Accurate prediction of ship fuel consumption is critical for improving maritime energy efficiency and reducing emissions; however, fair model comparison remains hindered by methodological heterogeneity and scarcity of high-quality, standardized datasets. To address this, we introduce the first publicly available multi-vessel operational–environmental fused time-series dataset and establish a unified benchmark. We pioneer the application of in-context learning (ICL) to ship energy consumption forecasting, building upon the lightweight TabPFN foundation model while integrating vessel speed, environmental variables, and temporal features. Comprehensive experiments demonstrate that incorporating environmental and temporal context significantly enhances prediction accuracy. TabPFN achieves competitive performance—slightly surpassing conventional regression models—while maintaining low computational overhead and real-time inference capability, confirming its suitability for onboard deployment. This work provides a reproducible benchmark and a novel paradigm for data-driven intelligent energy efficiency optimization in maritime operations.

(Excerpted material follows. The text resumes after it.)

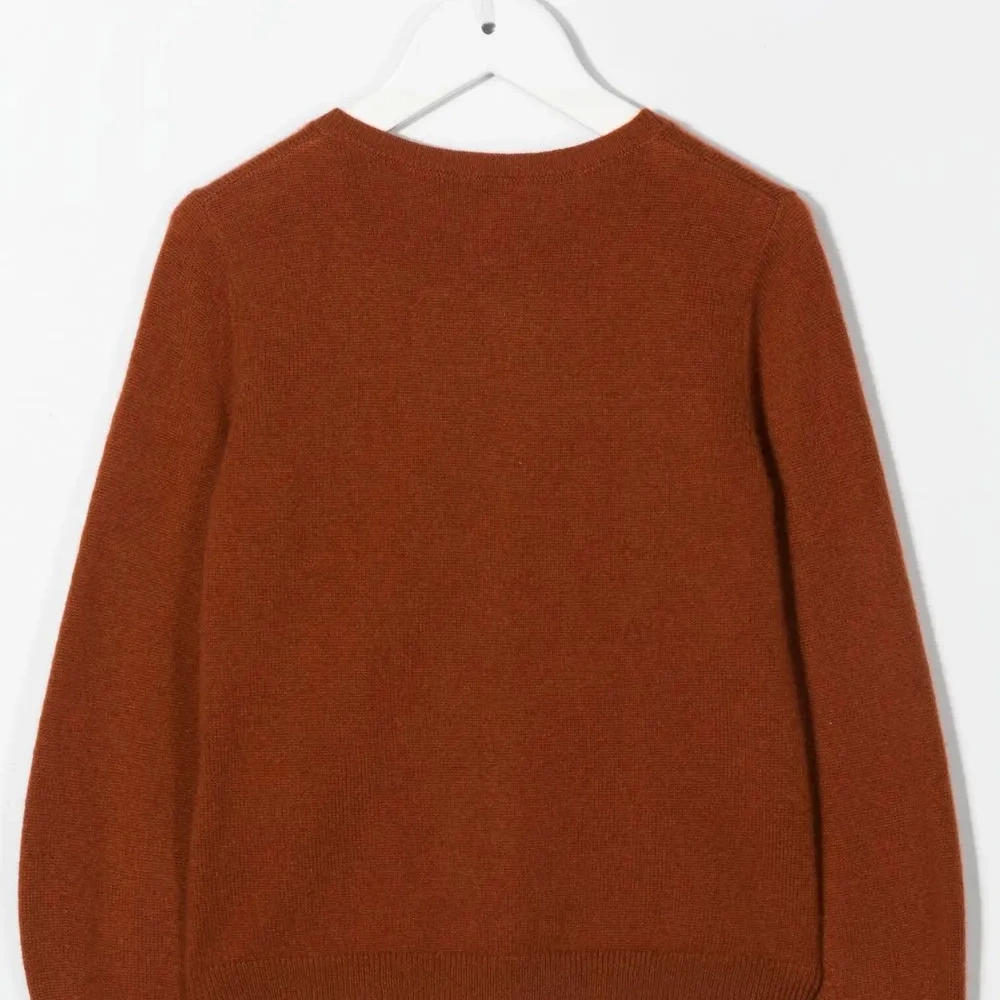 Оранжевый, кашемир, круглый вырез, застежка на пуговицах спереди, длинные рукава и подол в рубчик.

In the shipping industry, fuel consumption and emissions are critical factors due to their significant impact on economic efficiency and environmental sustainability. Accurate prediction of ship fuel consumption is essential for further optimization of maritime operations. However, heterogeneous methodologies and limited high-quality datasets hinder direct comparison of modeling approaches. This paper makes three key contributions: (1) we introduce and release a new dataset (https://huggingface.co/datasets/krohnedigital/FuelCast) comprising operational and environmental data from three ships; (2) we define a standardized benchmark covering tabular regression and time-series regression (3) we investigate the application of in-context learning for ship consumption modeling using the TabPFN foundation model - a first in this domain to our knowledge. Our results demonstrate strong performance across all evaluated models, supporting the feasibility of onboard, data-driven fuel prediction. Models incorporating environmental conditions consistently outperform simple polynomial baselines relying solely on vessel speed. TabPFN slightly outperforms other techniques, highlighting the potential of foundation models with in-context learning capabilities for tabular prediction. Furthermore, including temporal context improves accuracy.